Natsu Jirushi é uma desenhista e ilustradora japonesa que cruzou o nosso caminho a partir de 2020.
Nessa época, eu vivia o auge da popularidade do jogo Fate: Grand Order e achei uma ótima fanart da Oda Nobunaga no Twitter. Como costuma acontecer, o criador ou a criadora da arte original tende a apreciar o elogio ou a republicação responsável, a fim de divulgar seu trabalho para os amigos. Então, foi isso o que aconteceu.
Recentemente, pudemos nos reencontrar nas redes sociais depois de um tempo afastados pelo algorítimo.
Nesse meio tempo, Natsu Jirushi tornou-se bastante crítica sobre a questão das inteligências artificais. Afinal, este é um problema de imensa relevância e bastante discutido também pelos artistas brasileiros.
Pensando nisso, veio a ideia desta entrevista. Queremos que o público brasileiro possa ver a perspectiva de uma profissional que também vive na pele a questão das AI’s.
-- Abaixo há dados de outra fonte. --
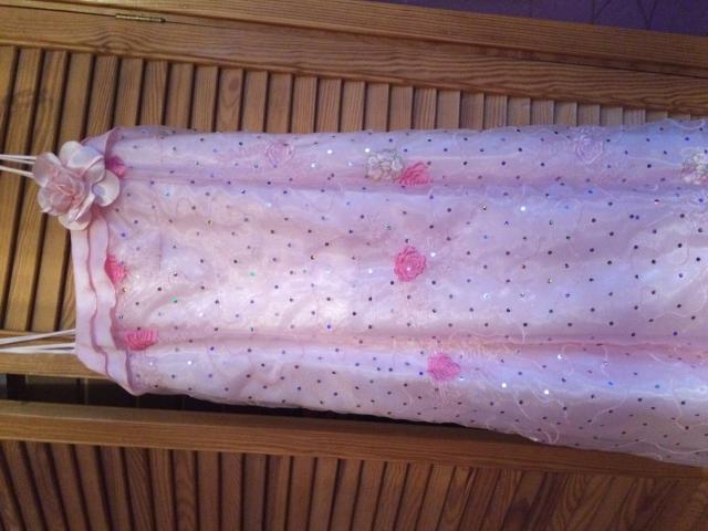 Ant 152cm, labai graži, puošni suknelė. Dėvėta tik vieną kartą. Mainai nedomina, galima derėti dėl kainos.

Ainda por cima, que vive num dos países mais frutíferos e inspiradores em arte atualmente.
Então, agradecemos imensamente à Natsu por topar esta entrevista e pela pronta atenção dada!
Com vocês, umas palavrinhas de apresentação da ilustradora!
Olá amigos otakus, prazer em conhecer! Me chamo Natsu Jirushi, uma ilustradora japonesa. Eu trabalho fazendo design de vtubers e desenhando fanarts de jogos mobile. Recentemente eu também venho feito trabalhos em uma faculdade de artes, ajudando artistas iniciantes com os seus primeiros passos, a fim de incentivá-los.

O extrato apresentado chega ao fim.